I had a slight happening when I almost finished this work. In the summer of 2002 I held an individual exhibition on the theme of "Caroline's eight comets". I received through the Society a message of congratulation for my exhibition from Mrs Charlotte Herschel Farquharson. Seeing the famous picture printed on her card in my hand, I wondered why she chose a card of this picture. The picture was "Fishermen upon a Lee Shore" painted by J M W Turner (1775-1851) in 1802, which ensured his fame as a marine painter.

I remembered with my first surprise that I read just around the time when I received the card an interesting paper of Mr Toshio Yagi titled "Moby Dick and Paintings". He mentioned in the paper that Turner's influence on Melville appeared in the chapter 23 "The Lee Shore" of "Moby Dick". But this was nothing less than a coincidence. Strangely, I found with my second surprise an actual reference to Herschel's telescope in a passage of "Moby Dick" (1851) written by Herman Melville (1819-91).

I was attracted by this novel and glanced through the chapter 23, and incidentally, the lower volume, too.
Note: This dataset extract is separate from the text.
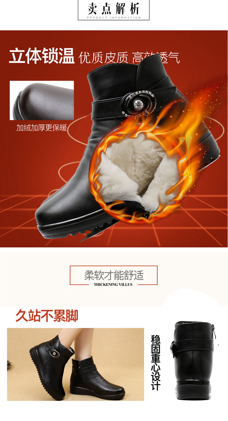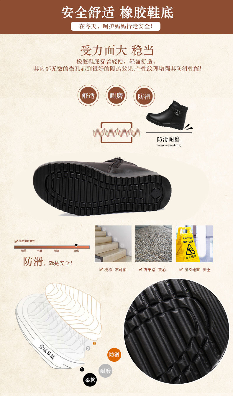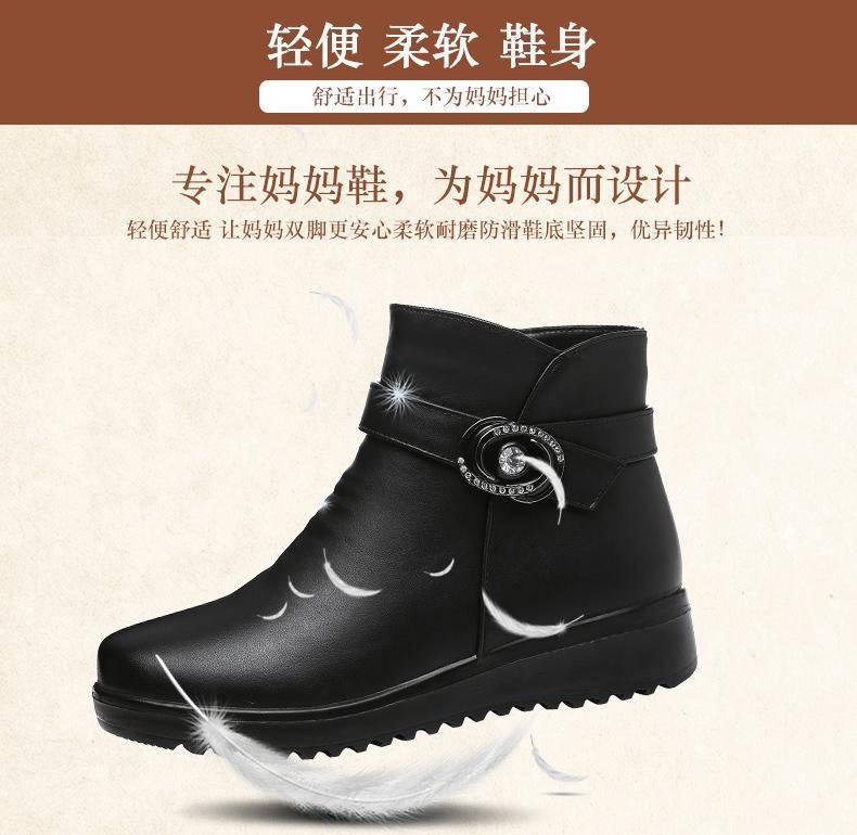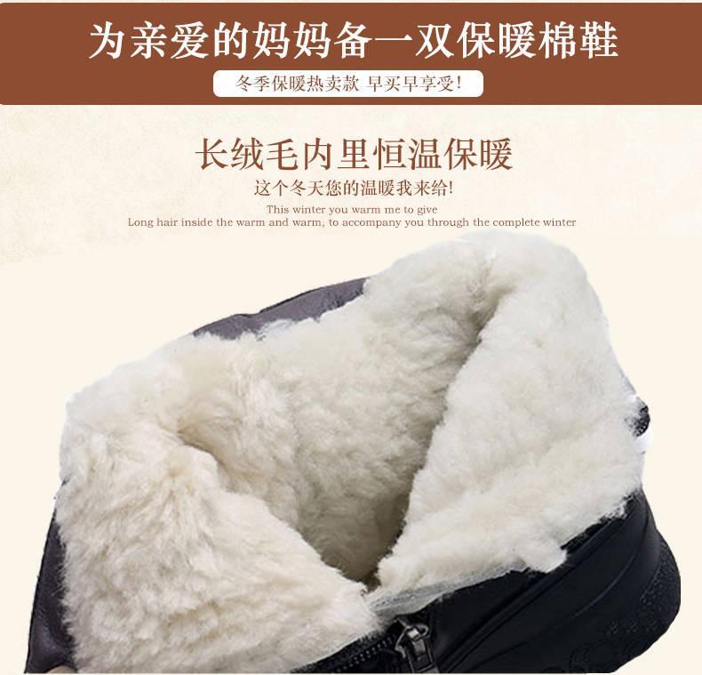 冬季妈妈鞋棉鞋加厚绒保暖防滑软底中老年雪地靴短靴平底老人鞋女

I focused as if light converge through a lens on the passage "But if his (a whale's) eyes were broad as the lens of Herschel's great telescope;" in the chapter 74 "The Sperm Whale's Head", with a note by the Japanese translator Nishijiro Tanaka saying that this meant the great lens made by John Herschel in 1820. I guessed that his great telescope was famous enough to be known in all over the world at that time. I also found that the novel often mentioned to Cetus and other constellations, and myths of constellations. These findings fascinated me with "Moby Dick", the marine literature of quite grand ideas. I read one available Japanese translation after another, including abridged editions.

I asked a friend of mine for the original text referring to Herschel, and he sent it to me by an e-mail with a comment that "Your finding of the reference to Herschel in this great work seems equal to discovery of a minor planet." This is a very interesting idea to describe the discovery in just a glance over 900 pages. How profound the message from Charlotte was!

I sometimes had such happenings and I expect to encounter many happenings even more interesting in my future creation.